About this task:
The entries follow. Please return all of them exactly.

Extracted records:
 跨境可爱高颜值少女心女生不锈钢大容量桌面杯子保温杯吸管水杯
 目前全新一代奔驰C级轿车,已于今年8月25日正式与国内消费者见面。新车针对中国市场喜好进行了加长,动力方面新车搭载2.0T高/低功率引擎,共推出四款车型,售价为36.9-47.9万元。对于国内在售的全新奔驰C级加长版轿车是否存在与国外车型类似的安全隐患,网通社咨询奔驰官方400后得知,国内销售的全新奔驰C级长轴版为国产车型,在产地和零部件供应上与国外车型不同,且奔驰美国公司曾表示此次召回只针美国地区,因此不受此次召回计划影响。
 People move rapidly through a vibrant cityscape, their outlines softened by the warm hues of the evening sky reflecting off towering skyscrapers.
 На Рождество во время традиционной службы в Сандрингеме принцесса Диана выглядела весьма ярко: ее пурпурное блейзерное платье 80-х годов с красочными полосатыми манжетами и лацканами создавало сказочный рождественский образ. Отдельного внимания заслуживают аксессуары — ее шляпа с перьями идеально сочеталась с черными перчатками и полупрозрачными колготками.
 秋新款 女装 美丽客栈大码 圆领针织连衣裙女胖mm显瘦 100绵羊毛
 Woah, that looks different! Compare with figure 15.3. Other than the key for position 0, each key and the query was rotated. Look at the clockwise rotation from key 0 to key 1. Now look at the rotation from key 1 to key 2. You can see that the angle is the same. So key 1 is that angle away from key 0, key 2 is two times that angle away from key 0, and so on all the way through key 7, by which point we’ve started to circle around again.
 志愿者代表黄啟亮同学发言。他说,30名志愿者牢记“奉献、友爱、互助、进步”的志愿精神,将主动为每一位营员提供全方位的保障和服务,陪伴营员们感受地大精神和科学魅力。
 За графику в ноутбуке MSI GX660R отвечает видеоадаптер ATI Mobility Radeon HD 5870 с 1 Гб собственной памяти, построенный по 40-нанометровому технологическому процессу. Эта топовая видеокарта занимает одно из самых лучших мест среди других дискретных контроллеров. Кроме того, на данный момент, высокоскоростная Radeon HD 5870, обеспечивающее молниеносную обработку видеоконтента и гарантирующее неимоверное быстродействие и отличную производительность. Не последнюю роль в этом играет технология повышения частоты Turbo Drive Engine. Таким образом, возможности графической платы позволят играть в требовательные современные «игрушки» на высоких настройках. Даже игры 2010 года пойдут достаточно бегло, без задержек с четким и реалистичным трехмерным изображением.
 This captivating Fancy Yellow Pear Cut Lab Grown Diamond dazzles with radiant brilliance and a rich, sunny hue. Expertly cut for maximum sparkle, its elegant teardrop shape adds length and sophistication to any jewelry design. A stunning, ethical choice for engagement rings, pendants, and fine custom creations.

Completed exercise:
 跨境可爱高颜值少女心女生不锈钢大容量桌面杯子保温杯吸管水杯
 目前全新一代奔驰C级轿车,已于今年8月25日正式与国内消费者见面。新车针对中国市场喜好进行了加长,动力方面新车搭载2.0T高/低功率引擎,共推出四款车型,售价为36.9-47.9万元。对于国内在售的全新奔驰C级加长版轿车是否存在与国外车型类似的安全隐患,网通社咨询奔驰官方400后得知,国内销售的全新奔驰C级长轴版为国产车型,在产地和零部件供应上与国外车型不同,且奔驰美国公司曾表示此次召回只针美国地区,因此不受此次召回计划影响。
 People move rapidly through a vibrant cityscape, their outlines softened by the warm hues of the evening sky reflecting off towering skyscrapers.
 На Рождество во время традиционной службы в Сандрингеме принцесса Диана выглядела весьма ярко: ее пурпурное блейзерное платье 80-х годов с красочными полосатыми манжетами и лацканами создавало сказочный рождественский образ. Отдельного внимания заслуживают аксессуары — ее шляпа с перьями идеально сочеталась с черными перчатками и полупрозрачными колготками.
 秋新款 女装 美丽客栈大码 圆领针织连衣裙女胖mm显瘦 100绵羊毛
 Woah, that looks different! Compare with figure 15.3. Other than the key for position 0, each key and the query was rotated. Look at the clockwise rotation from key 0 to key 1. Now look at the rotation from key 1 to key 2. You can see that the angle is the same. So key 1 is that angle away from key 0, key 2 is two times that angle away from key 0, and so on all the way through key 7, by which point we’ve started to circle around again.
 志愿者代表黄啟亮同学发言。他说,30名志愿者牢记“奉献、友爱、互助、进步”的志愿精神,将主动为每一位营员提供全方位的保障和服务,陪伴营员们感受地大精神和科学魅力。
 За графику в ноутбуке MSI GX660R отвечает видеоадаптер ATI Mobility Radeon HD 5870 с 1 Гб собственной памяти, построенный по 40-нанометровому технологическому процессу. Эта топовая видеокарта занимает одно из самых лучших мест среди других дискретных контроллеров. Кроме того, на данный момент, высокоскоростная Radeon HD 5870, обеспечивающее молниеносную обработку видеоконтента и гарантирующее неимоверное быстродействие и отличную производительность. Не последнюю роль в этом играет технология повышения частоты Turbo Drive Engine. Таким образом, возможности графической платы позволят играть в требовательные современные «игрушки» на высоких настройках. Даже игры 2010 года пойдут достаточно бегло, без задержек с четким и реалистичным трехмерным изображением.
 This captivating Fancy Yellow Pear Cut Lab Grown Diamond dazzles with radiant brilliance and a rich, sunny hue. Expertly cut for maximum sparkle, its elegant teardrop shape adds length and sophistication to any jewelry design. A stunning, ethical choice for engagement rings, pendants, and fine custom creations.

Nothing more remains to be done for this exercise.